Jim McKenzie, Ucore president and CEO, says the company will drill the zone aggressively this year, with infill and stepout holes. Drilling is aimed at testing the extension of the high-grade mineralization at depth and along strike.

Ucore’s drill results from I&L appear to correlate well with those of Newmont’s 1970 drill program on the zone.

Another area that warrants drilling is the downward projection of the mineralized pipe structure around the Ross Adams mine, however, the program would likely require some rehabilitation of underground workings to establish drill stations.

Prospector Dotson claims to have identified the pipe structure in a creek near sea level, well below the past workings.

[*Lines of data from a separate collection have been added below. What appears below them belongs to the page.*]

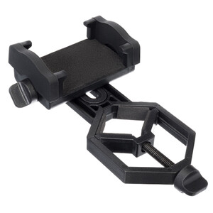 Der Smartphone-Adapter kann mit jedem Smartphone mit 52 bis 100 mm Breite benutzt werden. Die Klemmung hält an Okularen von 25 bis 48 Millimeter Durchmesser.
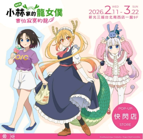 由「重星戰略」、「像素匯」聯手「H3+Studio滬睿國際」共同策劃並推出的全新策展品牌「燦々堂 SANSAN DO YOU」於2月11日至3月22日新光三越台北南西店一館9F推出結合日本三大人氣動畫IP《靈異教師神眉》、《光逝去的夏天》、《小林家的龍女僕》所共同打造的動漫沉浸式主題快閃活動;此展為海外首展,並將首站選定在年輕人匯集的中山商圈,為即將到來的春節假期帶來新一波動漫熱潮!
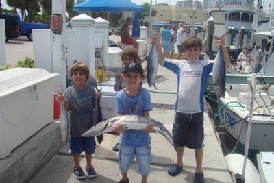Today we had Dan and Randy from Davie Florida and from Adventurer Florida got together and gathered up their kids Drew 7, Dean 5, Gabe 5, and Jaden also 7 years old for a morning of Deep Sea Fishing aboard the Hooked Up.
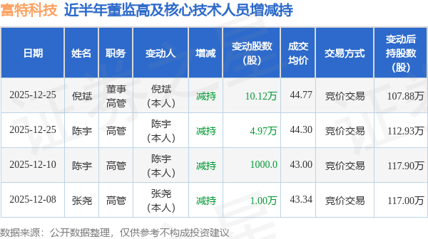 富特科技近半年内的董监高及核心技术人员增减持详情如下:
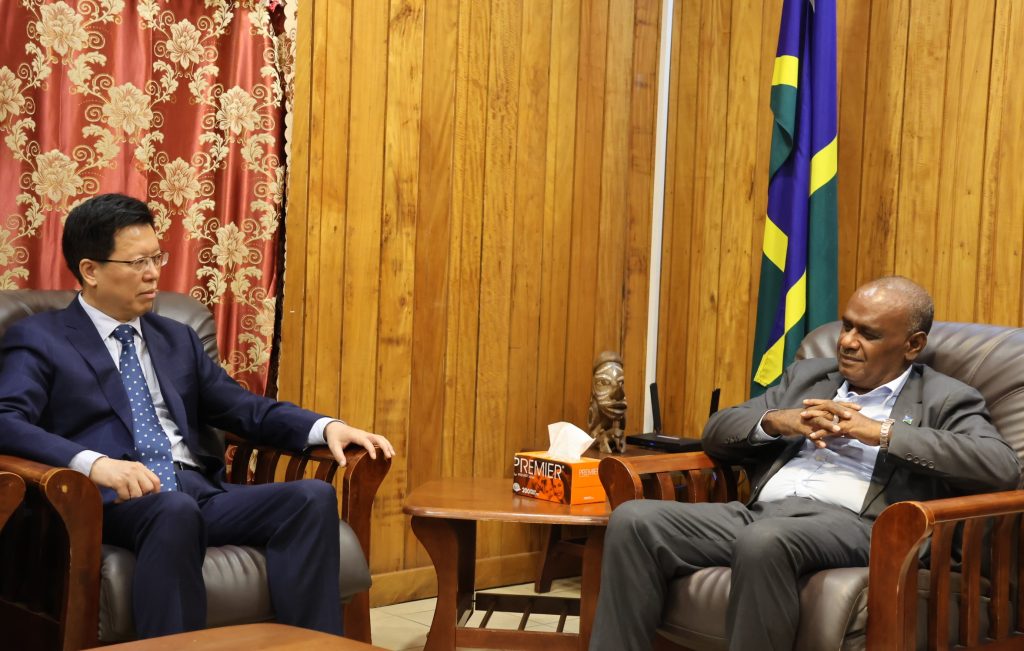 11月6日上午,所罗门群岛总理杰里迈亚·马内莱在位于首都霍尼亚拉的总理府会见我院代表团一行,并与院党委书记王克华举行亲切会谈。
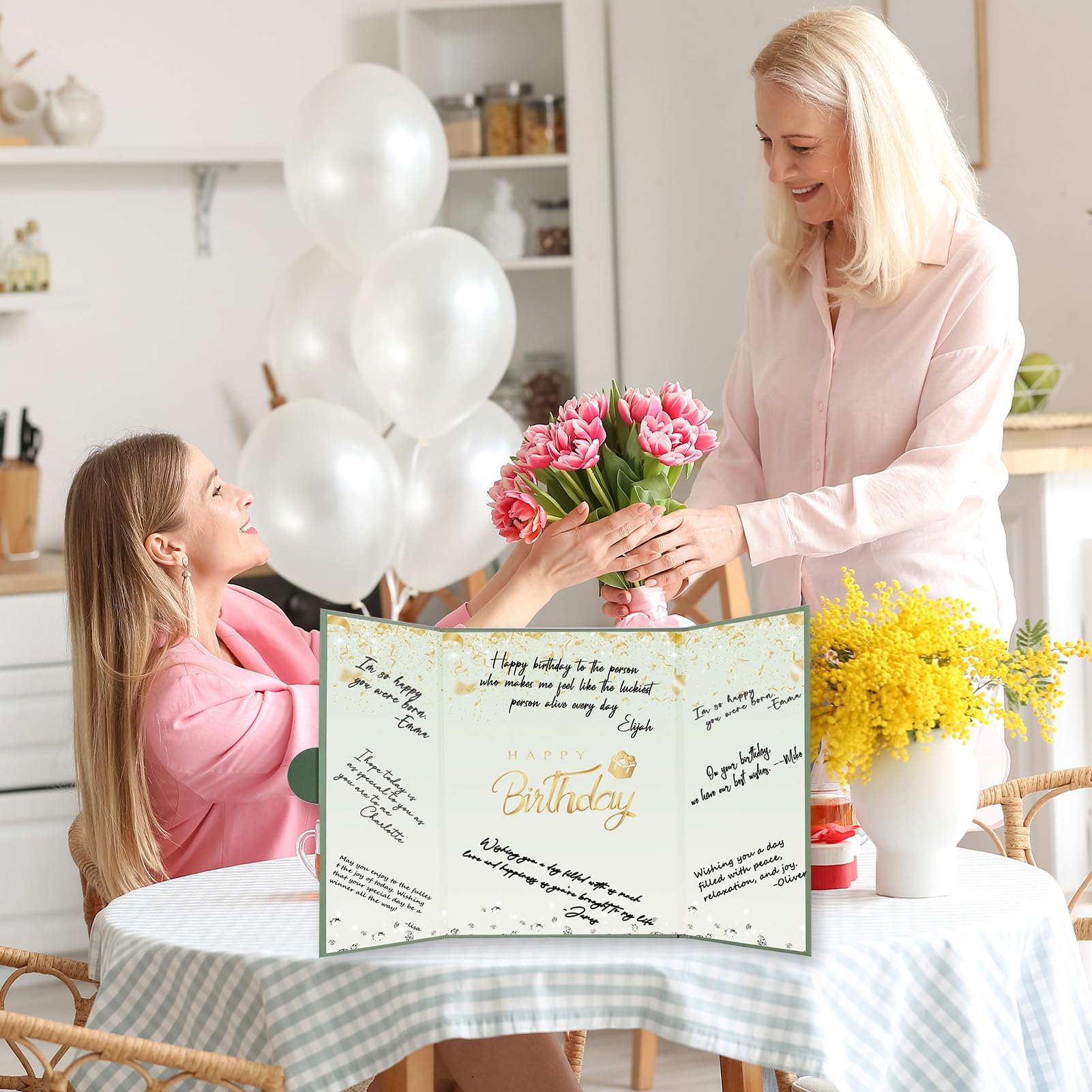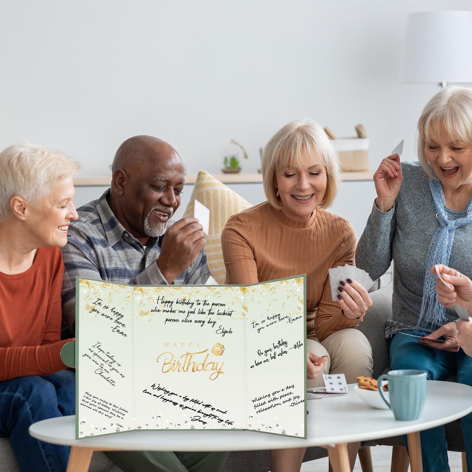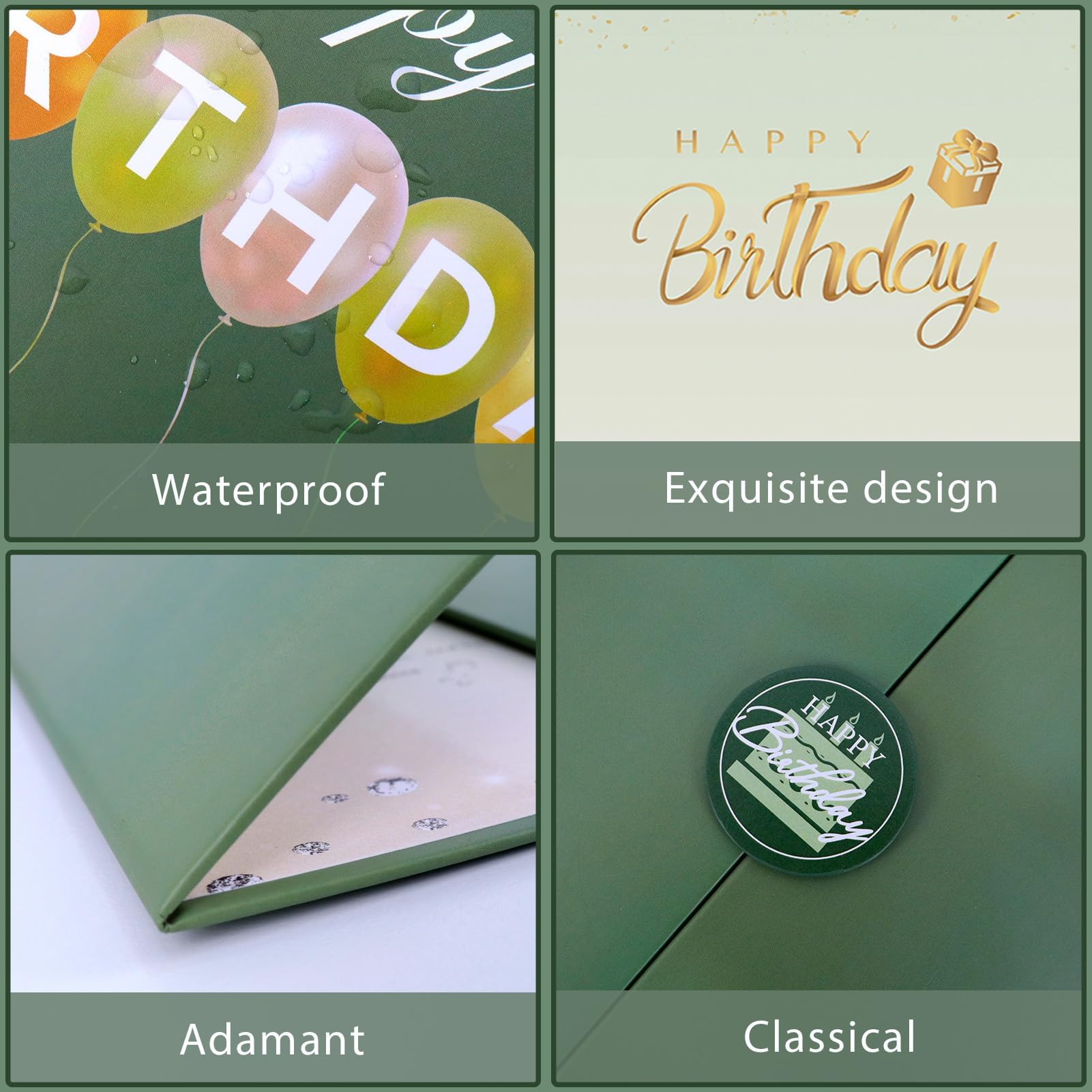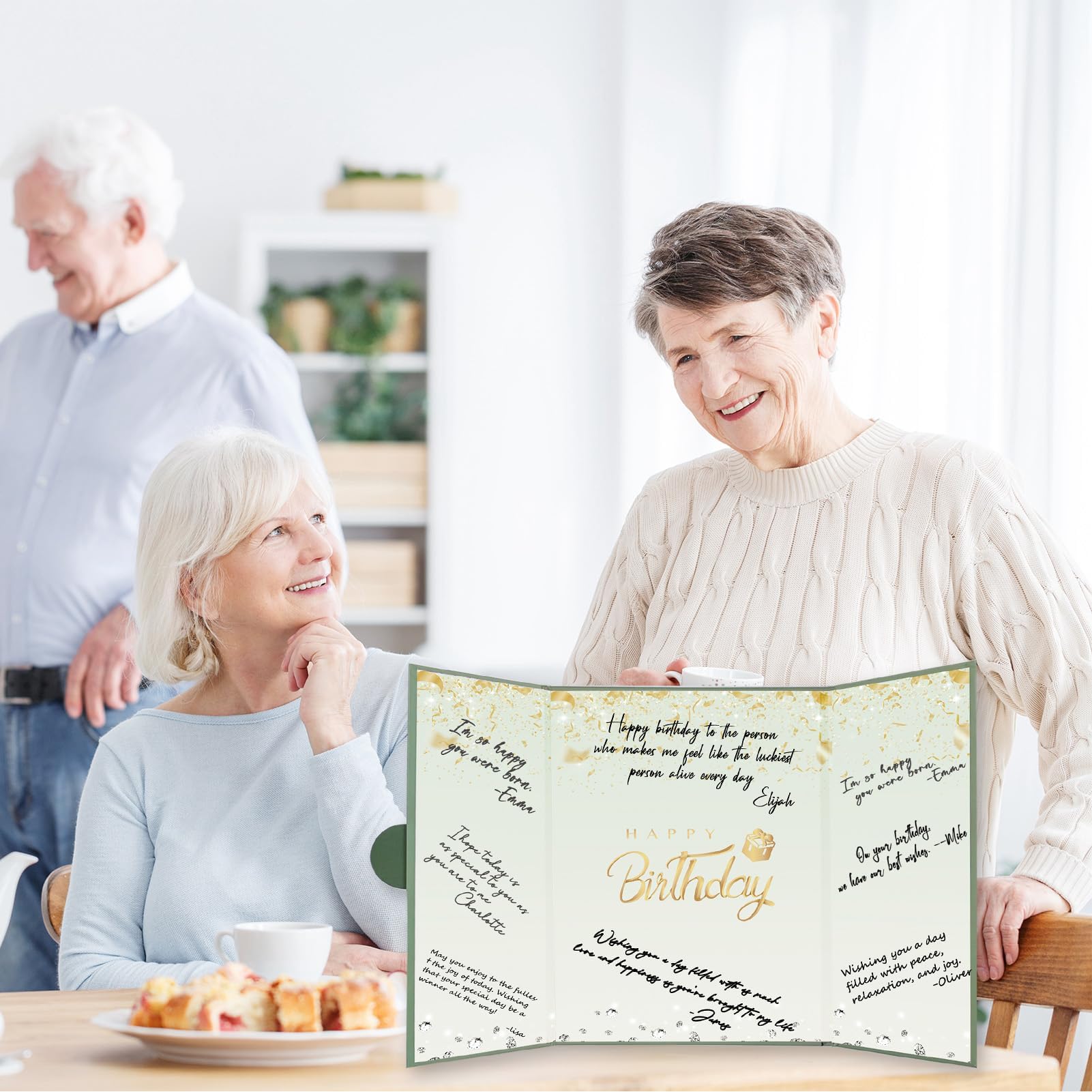 【Exquisite Design】- The green certificate has a badge on the cover, and the inside of the signature certificate is divided into three parts, the middle page is printed with the message 'Happy Birthday'. This green birthday signature guestbook can be opened directly and stand on the table. Tips: No pen.

Additionally, the mineralized envelope around the old mine workings presents a potential target. Unmined mineralization — falling below the reported historic cutoff grade of 0.5% U3O8 — remains as a halo flanking the mined material. One historic report discusses a zone of “fringe ore” with about 1 million contained pounds of yellowcake in material grading 0.27% U3O8.

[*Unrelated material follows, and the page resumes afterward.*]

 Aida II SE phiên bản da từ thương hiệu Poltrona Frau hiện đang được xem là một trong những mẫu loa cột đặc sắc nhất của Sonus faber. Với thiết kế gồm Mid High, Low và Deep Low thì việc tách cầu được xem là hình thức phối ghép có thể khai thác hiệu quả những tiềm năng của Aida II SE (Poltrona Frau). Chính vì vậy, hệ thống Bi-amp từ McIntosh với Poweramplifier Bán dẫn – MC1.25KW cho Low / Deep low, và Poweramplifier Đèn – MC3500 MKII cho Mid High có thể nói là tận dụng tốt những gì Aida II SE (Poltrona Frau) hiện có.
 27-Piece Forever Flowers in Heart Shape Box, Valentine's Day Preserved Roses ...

“If things go according to plan, we hope to be drilling inside the mine (this year),” McKenzie says.

A recent airborne radiometric survey over the property also returned several significant anomalies for investigation.

Looking at a location map for Bokan Mountain — on a sparsely populated, isolated island in southeastern Alaska — one gets the impression that remoteness and infrastructure challenges could be an issue.

But a recent visit to the project dispells some of these concerns. The project is accessed by a short flight on a de Havilland Beaver floatplane from the town of Ketchikan. A floating lodge moored in the western arm of Kendrick Bay

–previously used as a tourist fishing/

outfitting facility — serves as a more than sufficient self-contained exploration camp for Ucore’s current crew. A planned land-based camp will accommodate the anticipated increase in exploration and development staff.

The project enjoys a well-maintained and permitted mine-era road network — courtesy of Newmont’s work 40 years ago, along with later maintenance by Dotson. Vehicles can access the main portions of project, near tidewater and shipping channels. Additionally, the two underground mine haulage levels appear to be in good condition.

This all plays into Ucore’s development plans. With delineation of sufficient high-grade uranium ore in the past workings and at I&L — it envisages a potential direct-shipping sc
enario within three to five years, with no on-site processing necessary.

Ucore says it has had nothing but positive input from the locals for putting a mine into production. The nearby community of Ketchikan, with a population of 18,000, has a largely seasonal economy as a port-of-call in the Alaskan cruise ship industry for roughly three months every summer. About 10 years ago, a pulp and paper mill — a major employer in the town — shut down.

So Dotson and Ucore may not be the only ones eager to see his uranium claims resume production.